Safety concerns emerging from animal toxicity testing constitute one of the significant factors of Drug candidate elimination. Safety issues sometimes arise during the clinical stage also.

Pharmacokinetic (PK) testing is a critical method to address safety issues at the early stages of drug development. Adequate PK profiling of a potential drug candidate allows quantification of the risks involved in systemic drug exposure.

PK Studies typically focus on the concentration vs time aspect of new drug candidates. For a comprehensive safety and efficacy profiling of a new drug compound, we also need pharmacodynamics (PD) studies focused on effect vs time profiling.

The Role of PK Profiling In The Drug Development Process

PK analysis and the interpretation of the data obtained in the early phase of drug discovery determines what kind of additional PK data will be necessary at the next study stage. This continues throughout the drug development process.

Efficient and effective pharmacokinetic (PK) testing, along with pharmacodynamics (PD) studies require a multidisciplinary approach.

DMPK (drug metabolism and pharmacokinetics) laboratories usually carry out the PK analysis part of PK/PD studies. The focus of PK studies is typically on measuring the drug

concentration levels and other PK properties.

Pharmacological laboratories conduct the pharmacodynamics part of PK/PD studies. The focus is on animal dosing and response profiling.

With different kinds of laboratories involved, the animal used for PK studies and PD studies can vary. This needs careful integration of PK/PD study results. Inputs from mathematical modelling experts are also crucial for formulating an efficient strategy of clinical development.

There Is Room To Improve PK Analysis

Pharmaceuticals is the only industry that continues to have a failure rate of over 90%. There have been remarkable advancements in PK testing methods. But the success rate of drug compounds entering phase 1 of clinical trials continues to be marginally below 10% since the 2000s.

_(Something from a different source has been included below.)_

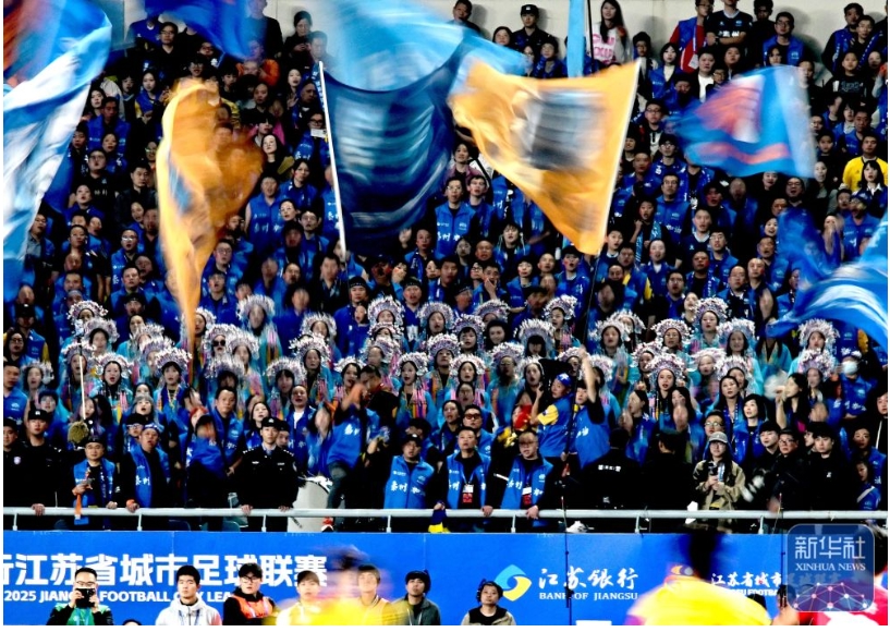 11月1日,在南京奥体中心举行的“苏超”决赛上,泰州队球迷为球队加油助威。新华社发(曹政 摄)

Clearly, there is room for improvement in the preclinical PK analysis and PD study processes. Safety and/or efficacy issues constitute the reason behind 75-80% of the failures.

Proposed Improvement Parameters

Experts propose the following critical benchmarks for efficient PK/PD studies that can reduce failure rates:

• Establish a collaborative team of a biologist, a chemist, a disease area pharmacologist, and a DMPK scientist.
• This multidisciplinary team needs to establish a working hypothesis for testing in subsequent studies.
• The team of experts needs to keep refining the hypothesis based on emerging PK/PD data
• Conduct an acute pilot PK/PD model to explore the exposure-response relationship.
• Establish the iterative PK/PD modelling protocol based on the initial findings
• Establish clearly defined objectives for this iterative process
• Use the same animals for PK and PD studies
• Focus on obtaining well-defined AUC, Cmax, and Tmax profiles along with appropriate PD biomarkers
• Capture details of concentration and effect correlation

A Point To Remember

We can now apply efficient and effective PK/PD studies during the preclinical stages of biologics development also. Successful PK/PD profiling at the preclinical stage minimizes the chances of failure at the first phase of a clinical trial.